For AIR applications utilizing local databases there are two ways to implement this:
A.) Define one Service (for connecting / accessing the database) on the ServiceLocator and then separate Business Delegates for each table.
- or -
B.) Define a separate Service and Business Delegate for each table.
Personally I suggest having one Service for each database as it simplifies debugging the connections as there will only be one connection to manage per database. As far as organizing is concerned this is best achieved by having separate Business Delegates for each table, these delegates would then define all of the operations which can be performed on the respective table.
If conceptually it makes more sense to you to define a separate SQLService object for each Service you could always just sub class SQLService and then define an instance of the sub class for each specific service, thus utilizing the same connection and database while separating the SQLService by function.
Hope that helps,
Eric
July 22nd, 2008 at 7:42 pm
Hey Marcel.
In regards to the SQLStatementHelper I have not had any injection issues because of this therefore I haven’t changed the implementation in this release. With that being said I do plan to make some changes to this implementation in a future update.
In regards to the item class it is a non-issue in the executeAsync method as the SQLStatement object is being re-instantiated in every call. However it is not being re-instantiated in the execute method so I will add an update to this soon.
- Eric
August 28th, 2008 at 12:21 pm
Hey Eric - I just upgraded from your initial blog post version which I had been tweaking. It was pretty smooth update and I’m happy to be back on the official version. My AbstractAIRDelegate is acting as an adapter, implements ISQLResponder and handles the result/fault events internally, converts them to regular mx.rpc Events and passed those back to the initial command/responder. I find this nice and clean so only the delegate communicates with AIRCairngorm and my command and responder classes only deal with VOs and rpc Events. If felt like the command/responder was tightly coupled with AIRCairngorm otherwise, but maybe it’s just me?!
Anyway I have one question regarding execute and executeAsync. Since this behavior is set when the connection is opened - do you think it would be a good idea to keep track of the connection type and throw an exception if execute is called when openAsync was specified, or vice versa? I don’t see in the code where this would be handled.
Thanks for providing this little API, it’s extremely handy.

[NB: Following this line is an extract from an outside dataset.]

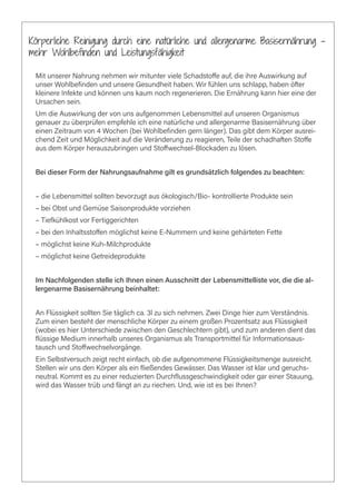 Das Dokument beschreibt die Vorteile einer allergenarmen und natürlichen Basisernährung zur körperlichen Reinigung und Verbesserung des Wohlbefindens. Empfohlen wird eine 4-wöchige Umstellung auf biologisch angebaute Lebensmittel, saisonale Produkte und der Verzicht auf Kuhmilch- und Getreideprodukte, ergänzt durch ausreichende Flüssigkeitsaufnahme. Zudem wird auf die Qualität der Lebensmittel und die Bedeutung von regionalen Zutaten hingewiesen, um gesundheitliche Vorteile zu erzielen.

August 29th, 2008 at 1:29 pm
I get the following error:
Unable to resolve resource bundle “queries” for locale “en_US”.
How to fix this.
Thanks
M
August 29th, 2008 at 7:10 pm
I have fixed the error.
I have many tables in the SQlite database , how to define all the table names.
Thanks
Mark
August 29th, 2008 at 7:23 pm
how to use “create table” to define fields type and fields in air caingorm?